Cybenko Theorem

From Wikipedia, the free encyclopedia

There are very few or no other articles that link to this one.
Please help introduce links in articles on related topics. After links have been created, remove this message.
This article has been tagged since November 2006.

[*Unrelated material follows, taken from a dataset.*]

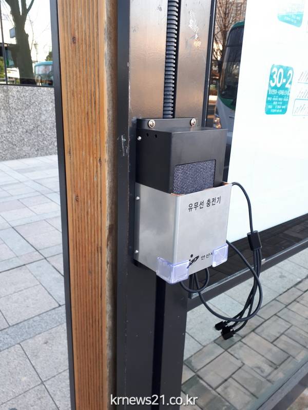 안산시(시장 윤화섭)는 시내버스를 이용하는 시민이 버스를 기다리며 스마트폰을 충전할 수 있도록 버스정류장에 스마트폰 충전기를 시범적으로 설치했다고 24일 밝혔다.
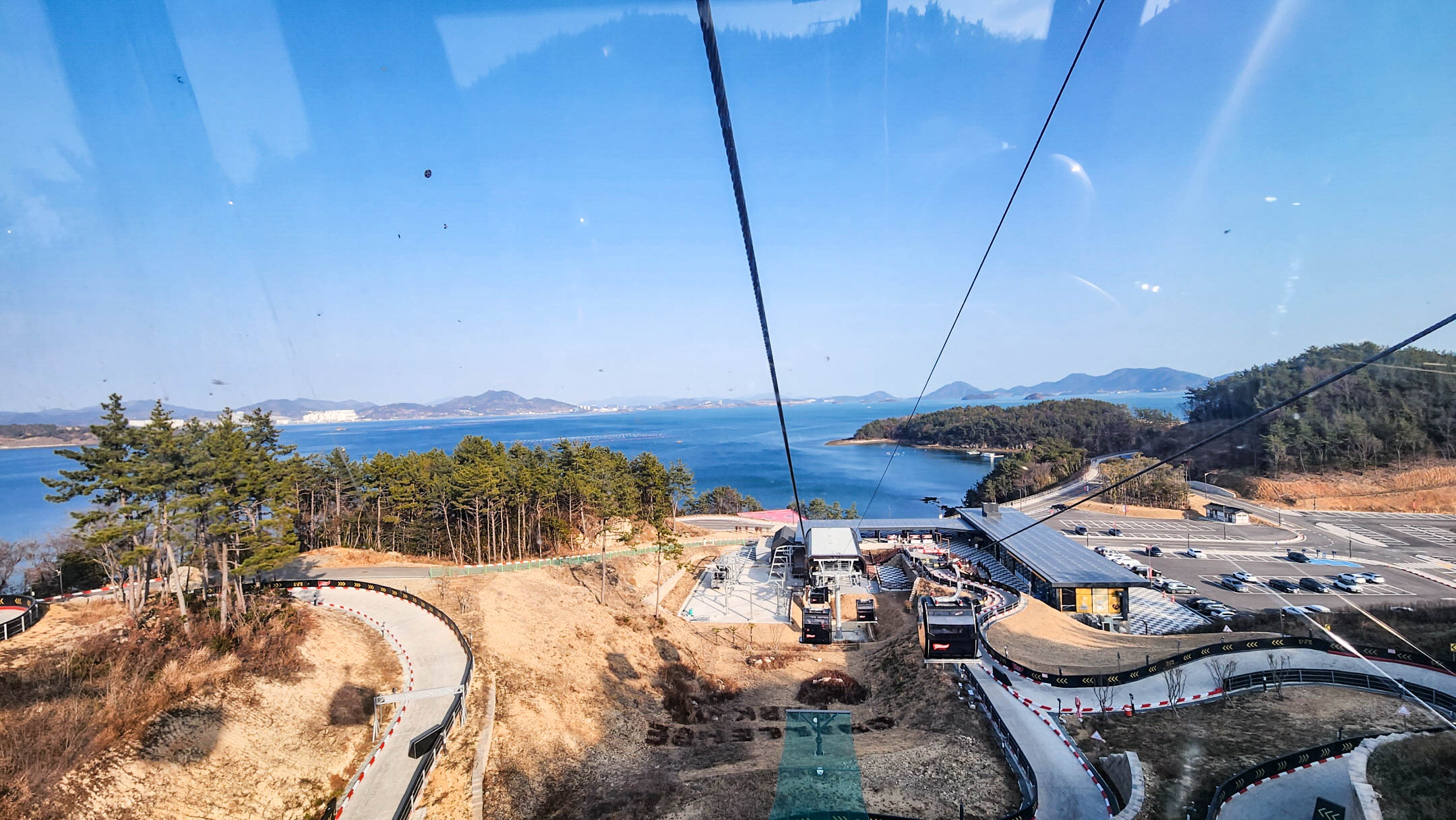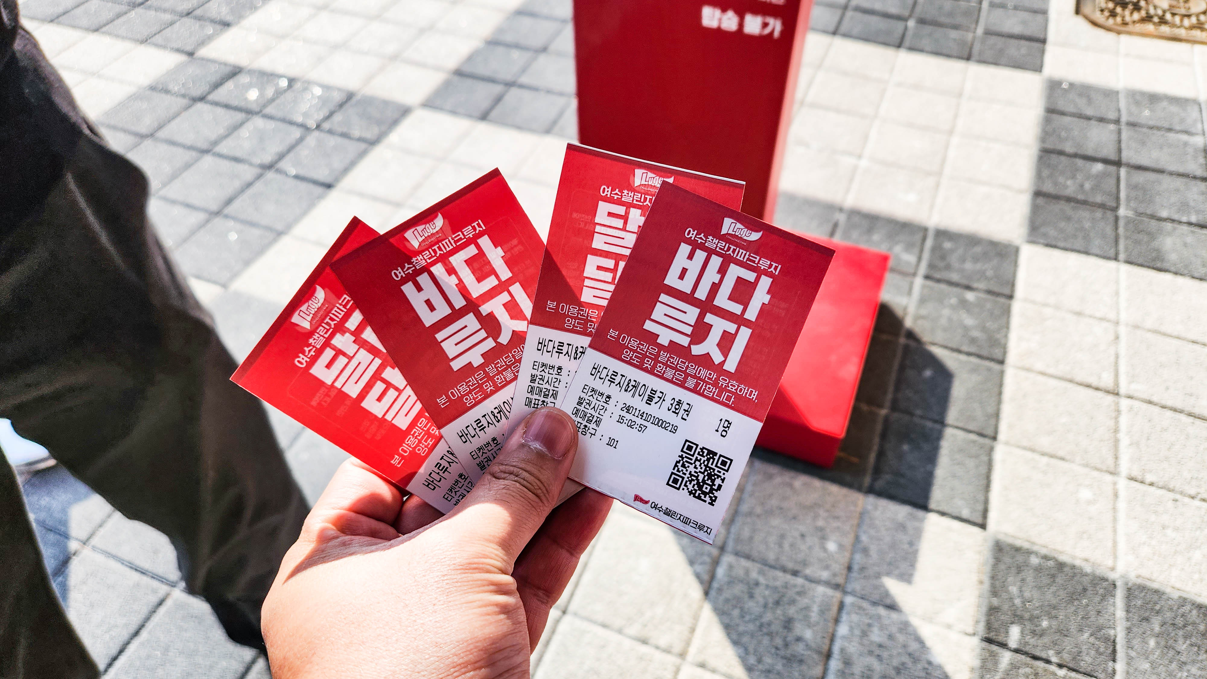 미리 네이버 예약으로 구매한 탑승권을 실물 티켓으로 교환하고 안전을 위해 각자 머리 사이즈에 맞는 헬멧을 착용한 뒤 케이블카 탑승! 루지 출발점이 있는 산 위까지 오르는 동안 파노라마로 넓게 펼쳐진 여수의 섬들과 바다, 그리고 곧 달리게 될 루지 코스까지 케이블카 안에서 충분하게 즐길 수 있다.

Formulated by Cybenko in 1989, the theorem states:

Let $\varphi$ be any continuous sigmoid-type function [e.g., $\varphi(\xi) = 1/(1+e^{-\xi})$ ]. Then, given any continuous real-valued function $f$ on $[0,1] n$ (or any other compact subset of $R n$ ) and $ε > 0$ , there exists vectors $\mathbf{w_1}, \mathbf{w_2}, ..., \mathbf{w_N}, \mathbf{\alpha}$ and $\mathbf{\theta}$ and a parameterized function $G(\mathbf{\cdot},\mathbf{w},\mathbf{\alpha},\mathbf{\theta}): [0,1]^n \rightarrow R$ such that

$|G(\mathbf{x},\mathbf{w},\mathbf{\alpha},\mathbf{\theta}) - f(x)| < |\epsilon|$ for all $\mathbf{x} \in [0,1]^n$

where

$G(\mathbf{x},\mathbf{w},\mathbf{\alpha},\mathbf{\theta}) = \sum_{i=1}^N\alpha_j\varphi(\mathbf{w}_j^T\mathbf{x} + \theta_j)$

and $\mathbf{w}_j \in R^n, \alpha_j, \theta_j \in R, \mathbf{w} = (\mathbf{w}_1, \mathbf{w}_2, ... \mathbf{w}_N), \mathbf{\alpha} = (\alpha_1, \alpha_2, ... \alpha_N),$ and $\mathbf{\theta} = (\theta_1, \theta_2, ..., \theta_N)$ .

This theorem says that a single hidden layer, feed forward neural network is capable of approximating any continuous, multivariate function to the desired degree of accuracy and that failure to map a function arises from poor choices for $\mathbf{w}_1, \mathbf{w}_2, ..., \mathbf{w}_N, \mathbf{\alpha},$ and $\mathbf{\theta}$ or an insufficient number of hidden neurons.